EDUCAÇÃO REPRODUZIDA
Silveira afirma que os fatores socioeconômicos de maior influência foram o nível de educação e a reprodução da educação recebida na sua própria infância. Assim, pessoas com ensino superior e que responderam terem recebido educação baseada no diálogo foram as dos nichos que mais repudiaram o uso da violência.
“As pessoas reproduzem a educação que receberam. Pode ser que a longo prazo, tenhamos redução do reconhecimento de violência”, diz Silveira.
A cuidadora de idosos Renata Francisca Teles, de 37 anos, segue o exemplo que recebeu dos pais e está entre os que acreditam que a palmada surte efeito no processo de educação e serve como correção para que o filho não se desvirtue na idade adulta. A cuidadora diz que tem o diálogo como passo inicial para resolução de conflitos com os filhos de 15 e 3 anos, mas, caso não obedeçam, não vê problema em “dar um tapinha na bunda”.
“Se damos um tapinha hoje, somos reféns da Justiça, mas se nossos filhos crescem com má índole, somosculpados por não saber educar. Eu vim de uma família que o olhar bastava para que eu obedecesse e aqui em casa tento ser assim. Mas meu filho mais novo, por exemplo, só obedece se eu disser “para, senão vou te bater”, afirma Renata.
Assim como Renata, a confeiteira Elis Silva, de 43 anos e mãe de dois, diz ter tido uma infância rígida, em que apanhou algumas vezes.
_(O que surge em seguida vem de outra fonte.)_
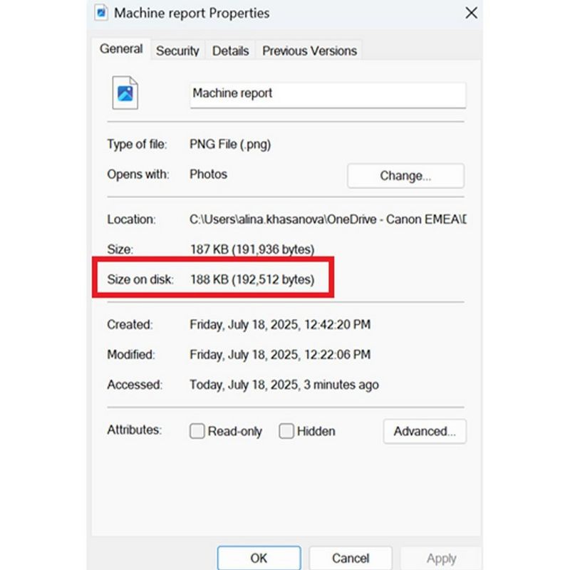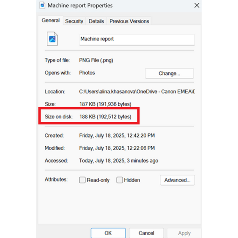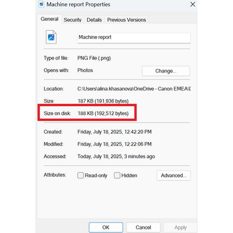 To check the size of the file (Windows), locate the receipt on your computer, right click on the file and select ‘Properties’. The file size is listed under the 'General' tab as highlighted below.

Mas ao contrário da cuidadora, não usou a forma como foi educada como exemplo. Elis é contra a violência física e diz prezar pela conversa, mesmo em momentos de muito estresse. A confeiteira acredita que o tapa pode estimular crianças a se revoltarem e terem medo dos próprios pais:
“Os meninos já falam “Já vem o sermão”, quando chamo para conversar. Se você bate, a criança não obedece, ela sente medo. Em alguns casos, ela já sabe que vai apanhar, mas continua bagunçando porque não tem mais respeito pelos pais. Mas é complicado julgar. Tem pessoas que dão muito amor e carinho aos filhos e eles viram bandidos. Tem pais desleixados que os filhos crescem corretos”.
TEORIA E PRÁTICA
Para os pesquisadores, a aceitação de maus-tratos em alguns contextos traz uma segunda contradição: quem aceita que o tapa seja dado não necessariamente reconhece que o usa. “As respostas sugerem que a população reconhece que práticas de maus-tratos e violências (psicológicas e físicas) estão presentes nas formas de educar da sociedade brasileira contemporânea. Mas quando as pessoas são interrogadas sobre a aceitação de tais práticas e, especialmente, se as realizam, os números caem significativamente”, diz a análise da pesquisa. Essas variações entre percepção de ocorrência, concordância e prática têm semelhanças com as encontradas em pesquisas de opinião famosas sobre racismo no Brasil: a maior parte dos brasileiros reconhecia a existência de racismo no país, mas não se considerava racista”.
“As pessoas que dizem que apanharam e hoje são dobem talvez nem saibam, mas podem manifestar essa violência sofrida em outras áreas da vida dela”, avisa o professor André Grimião, que usa o mesmo diálogo com que foi educado com o filho Antônio, de 7 anos.
O estudo mostrou um grande apoio (46%) no trabalho infantil para impedir que a criança fique ociosa. A justificativa superou até mesmo o argumento do trabalho como ajuda financeira aos pais (26%).
“ A justificativa mais aceita não era óbvia. Basicamente, a ideia do ócio se associa a ficar na rua. Isso é muito próprio da realidade brasileira, um posicionamento muito claro antiócio, antirrua porque vivemos numa sociedade que tem graus de violência e desigualdade. Isso se expressa no medo de virar bandido”, considera Silveira.
A pesquisa também mostrou que só 33% tomariam alguma ação se vissem crianças sofrendo maus-tratos na rua, chamando o conselho tutelar ou abordando os responsáveis. A maioria (45%) respondeu que não agiria por desconhecer a situação ou não sentir necessidade de intervenção, e 17% disseram que ficariam com medo de intervir.